### What to do
Since the pictures are not wanted, reproduce only the rest of the records, exactly as given.

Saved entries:
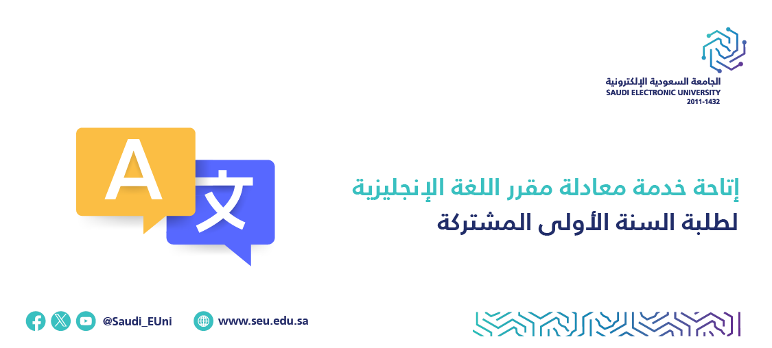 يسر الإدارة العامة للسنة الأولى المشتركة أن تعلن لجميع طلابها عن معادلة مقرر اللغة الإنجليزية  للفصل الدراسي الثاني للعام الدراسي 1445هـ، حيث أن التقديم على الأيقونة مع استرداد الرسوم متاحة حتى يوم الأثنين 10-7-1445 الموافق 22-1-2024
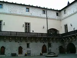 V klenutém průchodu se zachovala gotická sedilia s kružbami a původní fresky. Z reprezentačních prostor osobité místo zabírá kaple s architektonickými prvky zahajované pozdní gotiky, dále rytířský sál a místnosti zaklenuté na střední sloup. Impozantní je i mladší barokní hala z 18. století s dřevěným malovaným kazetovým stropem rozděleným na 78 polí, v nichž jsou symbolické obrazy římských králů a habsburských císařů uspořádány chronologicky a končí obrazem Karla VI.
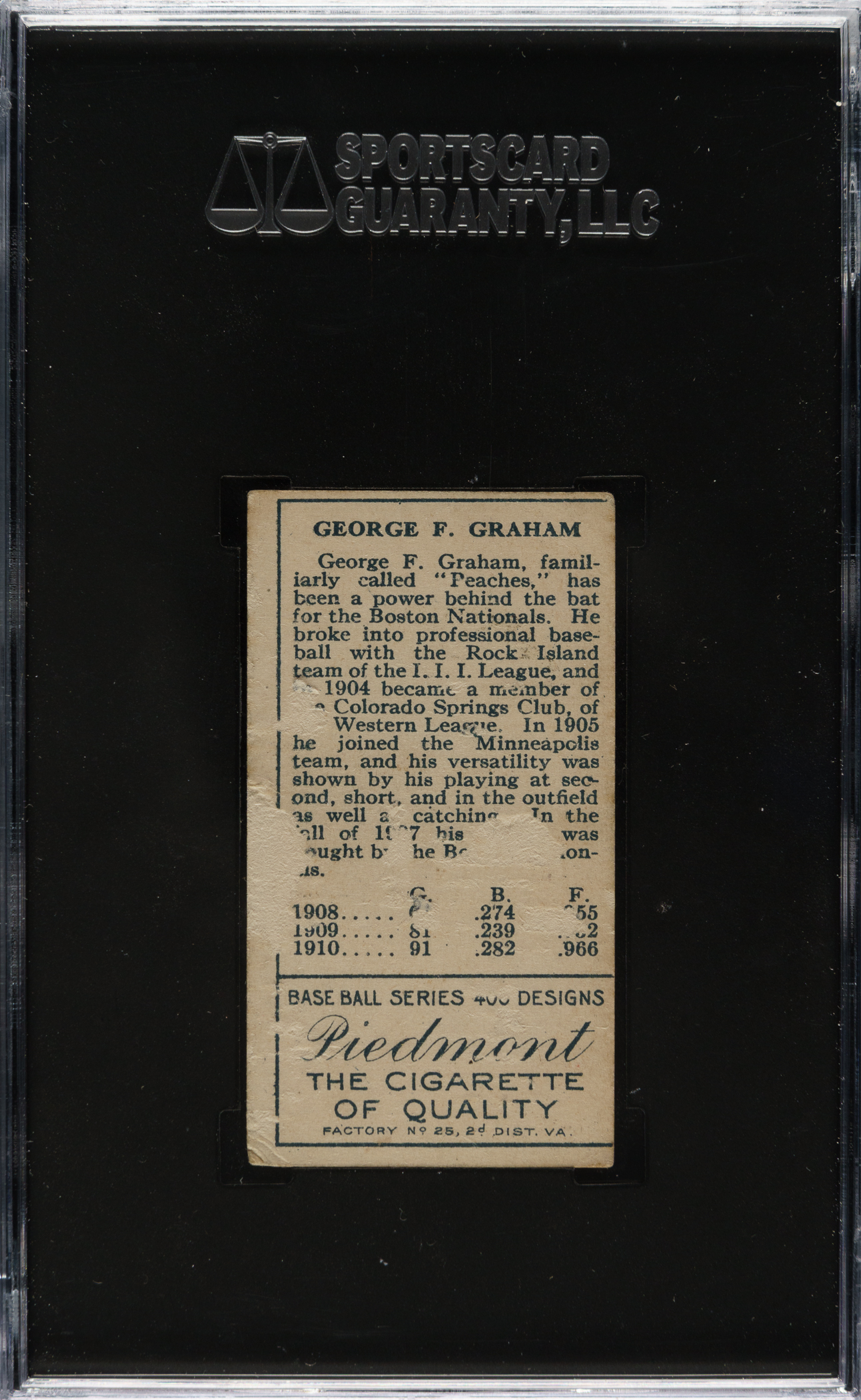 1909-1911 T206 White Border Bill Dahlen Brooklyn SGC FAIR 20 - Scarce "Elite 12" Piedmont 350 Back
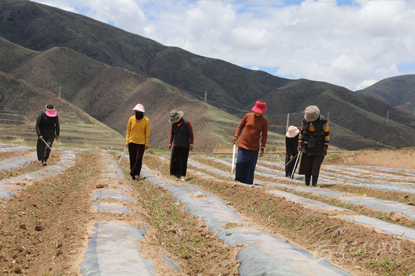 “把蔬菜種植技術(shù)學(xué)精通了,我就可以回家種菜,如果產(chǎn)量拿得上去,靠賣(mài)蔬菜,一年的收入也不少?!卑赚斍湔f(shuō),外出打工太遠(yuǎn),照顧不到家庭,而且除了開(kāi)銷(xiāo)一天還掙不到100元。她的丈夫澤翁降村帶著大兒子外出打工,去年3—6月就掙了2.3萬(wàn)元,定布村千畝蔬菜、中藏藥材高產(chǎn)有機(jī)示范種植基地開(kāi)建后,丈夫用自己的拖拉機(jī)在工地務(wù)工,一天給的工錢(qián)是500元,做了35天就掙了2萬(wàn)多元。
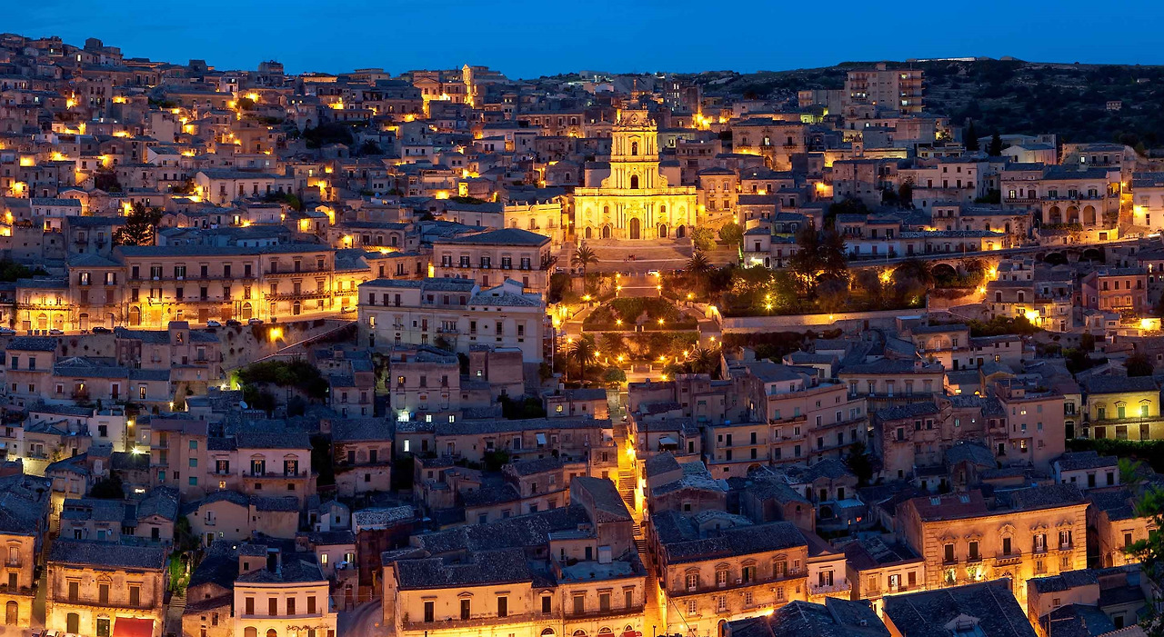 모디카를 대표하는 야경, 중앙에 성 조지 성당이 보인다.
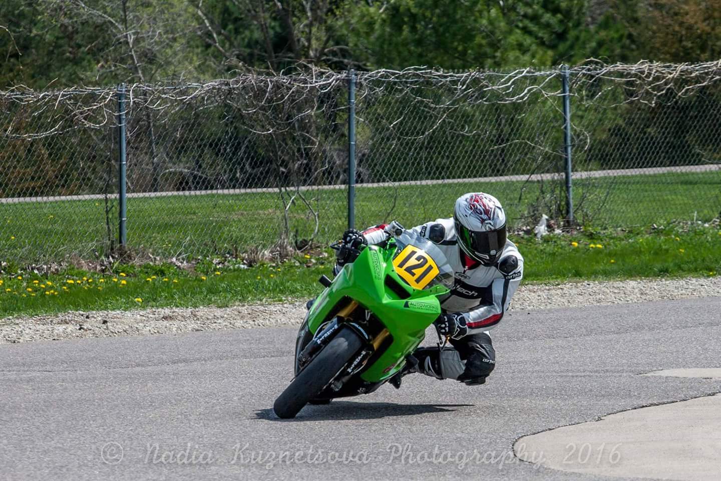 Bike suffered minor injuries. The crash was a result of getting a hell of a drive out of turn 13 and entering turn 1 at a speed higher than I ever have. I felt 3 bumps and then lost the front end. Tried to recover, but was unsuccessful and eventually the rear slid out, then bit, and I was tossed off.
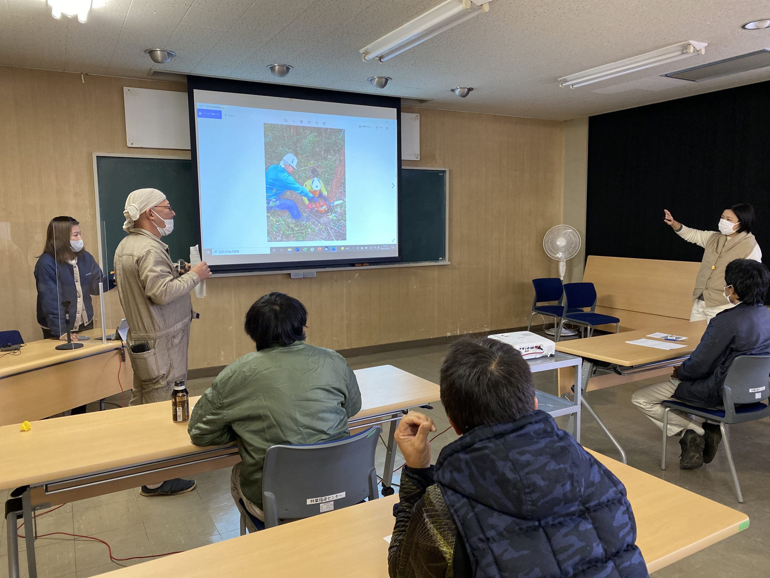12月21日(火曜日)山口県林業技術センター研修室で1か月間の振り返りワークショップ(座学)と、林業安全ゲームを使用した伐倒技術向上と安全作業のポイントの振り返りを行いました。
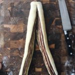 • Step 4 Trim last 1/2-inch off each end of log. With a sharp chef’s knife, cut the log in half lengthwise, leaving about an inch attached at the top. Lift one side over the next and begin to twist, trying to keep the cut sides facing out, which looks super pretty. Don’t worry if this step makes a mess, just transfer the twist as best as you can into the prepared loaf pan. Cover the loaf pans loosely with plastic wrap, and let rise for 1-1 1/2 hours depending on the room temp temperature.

### Answer space
 يسر الإدارة العامة للسنة الأولى المشتركة أن تعلن لجميع طلابها عن معادلة مقرر اللغة الإنجليزية  للفصل الدراسي الثاني للعام الدراسي 1445هـ، حيث أن التقديم على الأيقونة مع استرداد الرسوم متاحة حتى يوم الأثنين 10-7-1445 الموافق 22-1-2024
 V klenutém průchodu se zachovala gotická sedilia s kružbami a původní fresky. Z reprezentačních prostor osobité místo zabírá kaple s architektonickými prvky zahajované pozdní gotiky, dále rytířský sál a místnosti zaklenuté na střední sloup. Impozantní je i mladší barokní hala z 18. století s dřevěným malovaným kazetovým stropem rozděleným na 78 polí, v nichž jsou symbolické obrazy římských králů a habsburských císařů uspořádány chronologicky a končí obrazem Karla VI.
 1909-1911 T206 White Border Bill Dahlen Brooklyn SGC FAIR 20 - Scarce "Elite 12" Piedmont 350 Back
 “把蔬菜種植技術(shù)學(xué)精通了,我就可以回家種菜,如果產(chǎn)量拿得上去,靠賣(mài)蔬菜,一年的收入也不少?!卑赚斍湔f(shuō),外出打工太遠(yuǎn),照顧不到家庭,而且除了開(kāi)銷(xiāo)一天還掙不到100元。她的丈夫澤翁降村帶著大兒子外出打工,去年3—6月就掙了2.3萬(wàn)元,定布村千畝蔬菜、中藏藥材高產(chǎn)有機(jī)示范種植基地開(kāi)建后,丈夫用自己的拖拉機(jī)在工地務(wù)工,一天給的工錢(qián)是500元,做了35天就掙了2萬(wàn)多元。
 모디카를 대표하는 야경, 중앙에 성 조지 성당이 보인다.
 Bike suffered minor injuries. The crash was a result of getting a hell of a drive out of turn 13 and entering turn 1 at a speed higher than I ever have. I felt 3 bumps and then lost the front end. Tried to recover, but was unsuccessful and eventually the rear slid out, then bit, and I was tossed off.
12月21日(火曜日)山口県林業技術センター研修室で1か月間の振り返りワークショップ(座学)と、林業安全ゲームを使用した伐倒技術向上と安全作業のポイントの振り返りを行いました。
 • Step 4 Trim last 1/2-inch off each end of log. With a sharp chef’s knife, cut the log in half lengthwise, leaving about an inch attached at the top. Lift one side over the next and begin to twist, trying to keep the cut sides facing out, which looks super pretty. Don’t worry if this step makes a mess, just transfer the twist as best as you can into the prepared loaf pan. Cover the loaf pans loosely with plastic wrap, and let rise for 1-1 1/2 hours depending on the room temp temperature.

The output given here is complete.